Get the Nutrition Facts

Considering these factors, how should people with diabetes go about using the new food label?

They can begin with the Nutrition Facts panel, usually on the side or back of the package. A column headed %Daily Values shows whether a food is high or low in many of the nutrients listed.

People with diabetes should check the %Daily Values for fat, saturated fat, and cholesterol. As a rule of thumb, if the number is 5 or less, the food may be considered low in that nutrient.

The goal for most people with diabetes is to pick foods that have low %Daily Values for fat, saturated fat, and cholesterol and high %Daily Values for fiber. Other label nutrition information can help people with diabetes see if and how a food fits into their meal plan.

To see how this information appears on a food label, see Key Food Label Information for People with Diabetes (a 616K PDF file).

Serving Sizes

The serving size information gives the amount of food to which all other numbers on the Nutrition Facts panel apply.

Serving sizes now are more uniform among similar products and reflect the amounts people actually eat. For example, the reference amount for a serving of snack crackers is 30 g. Thus, the serving size for soda crackers is 10 crackers and for Goldfish Tiny Crackers, 55, because these are the amounts that come closest to 30 g.

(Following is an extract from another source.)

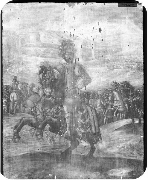 Curator: Before us is Peter Paul Rubens' 1603 charcoal and pencil drawing, "Study for an Equestrian Portrait of the Duke of Lerma," currently residing at the Louvre. Editor: There's a dynamism even in this preparatory sketch. The texture of the horse's mane, the way the Duke sits atop… it all points toward grand movement and power. Curator: Absolutely. Consider the baroque qualities already emerging: the diagonal emphasis of the horse's posture, the interplay of light and shadow that brings depth. This is more than just a preparatory drawing; it's a study in form and energy. Editor: And think about the craft itself – the directness of charcoal and pencil capturing a moment that’s meant for marble or paint. It exposes the labor of creation; the hours spent observing musculature, drapery. The drawing gives an immediacy the final, formal portrait would lack. Curator: While I see your point about the immediacy afforded by the medium, I’d also stress the planned compositional strategies at play. Note how Ruben’s handles space using dark charcoal to articulate key components in contrast to the expanses of visible page, lending emphasis to both figure and ground. Editor: But isn't there also something democratic about making this image accessible through a readily available medium like charcoal? It's not just about depicting power, but about the means used to disseminate it to a wider audience through prints or copies, facilitated by the use of cheaper and less demanding techniques. Curator: An interesting point. However, I see it as Rubens exploring aesthetic considerations first and foremost. This detailed underdrawing solidifies the visual rhetoric of power before the more considered processes of color are implemented. Editor: Perhaps. But for me, the value of this drawing lies not only in the artist’s rendering of power but also in understanding the processes involved in artistic creation during that era, reminding us of the human toil embedded in grand displays of power. Curator: Ultimately, we witness here the synthesis of skillful composition and masterful execution. A preliminary exploration, undoubtedly, but no less remarkable as an autonomous object of art. Editor: I concur, and perhaps it is this tension between formal execution and social labor that offers such a compelling depth to this dynamic drawing.

The similarity makes it easier to compare the nutritional qualities of related foods.

People who use the Exchange Lists should be aware that the serving size on the label may not be the same as that in the Exchange Lists. For example, the label serving size for orange juice is 8 fluid ounces (240 milliliters). In the exchange lists, the serving size is 4 ounces (one-half cup) or 120 mL. So, a person who drinks one cup of orange juice has used two fruit exchanges.

Calorie and Other Information

The Nutrition Facts panel also gives total calories and calories from fat per serving of food. This is helpful for people who count calories and monitor their daily percentage of calories from fat.

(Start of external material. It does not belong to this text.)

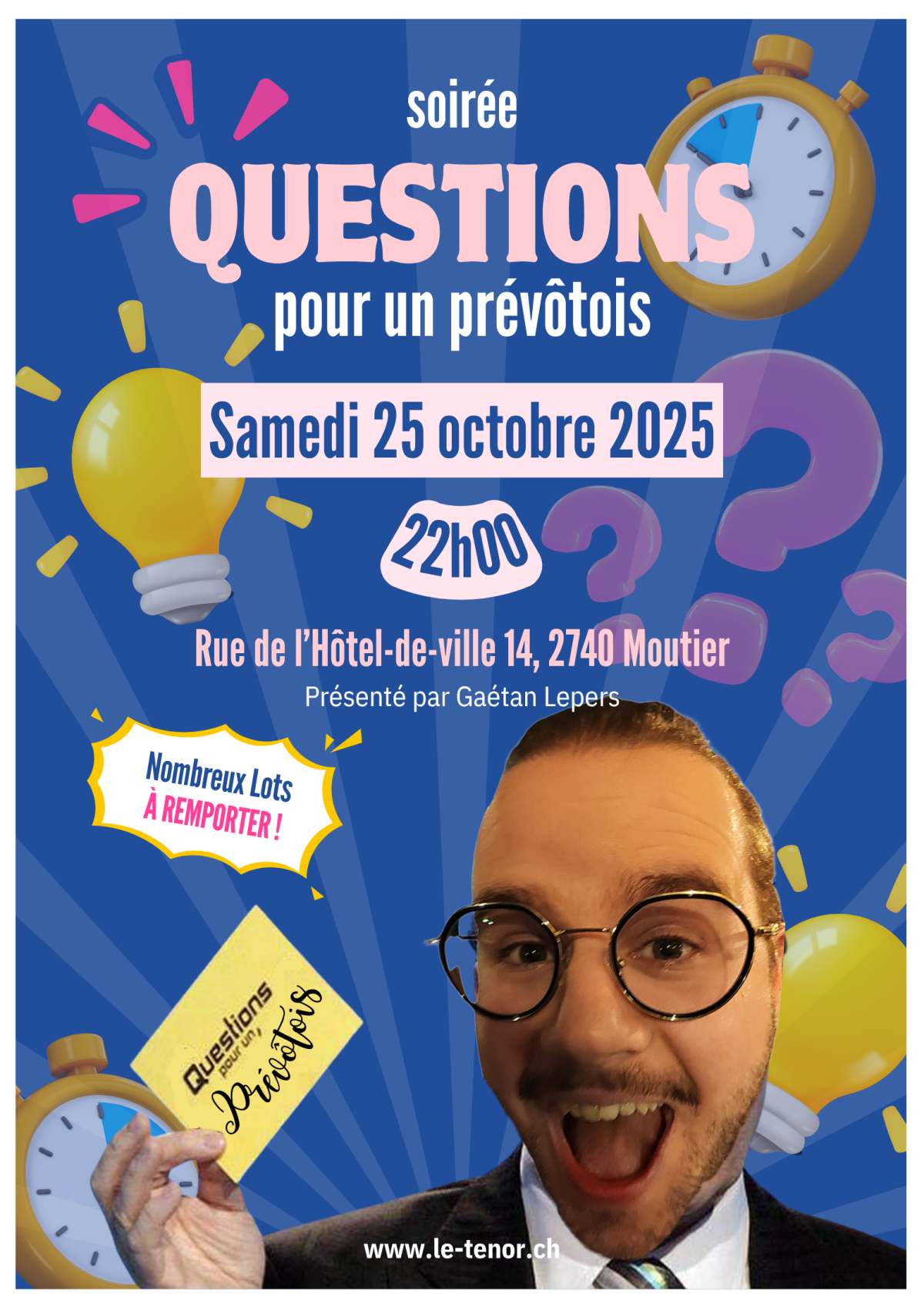 Samedi 25 octobreSous la direction de Gaétan Lepers, rejoignez-nous pour une soirée riche en questions et surprises !

Here's how to use calories from fat information: At the end of the day, add up total calories and then calories from fat eaten. Divide calories from fat by total calories. The answer gives the percentage of calories from fat eaten that day. For example, 450 calories from fat divided by 1,800 total calories = 0.25 (25 percent), an amount within the recommended level of not more than 30 percent calories from fat.

The label also gives grams of total carbohydrate, protein and fat, which can be used for carbohydrate counting.

The values listed for total carbohydrate include all carbohydrate, including dietary fiber and sugars listed below it. Not singled out is complex carbohydrates, such as starches.

The sugars include naturally present sugars, such as lactose in milk and fructose in fruits, and those added to the food, such as table sugar, corn syrup, and dextrose.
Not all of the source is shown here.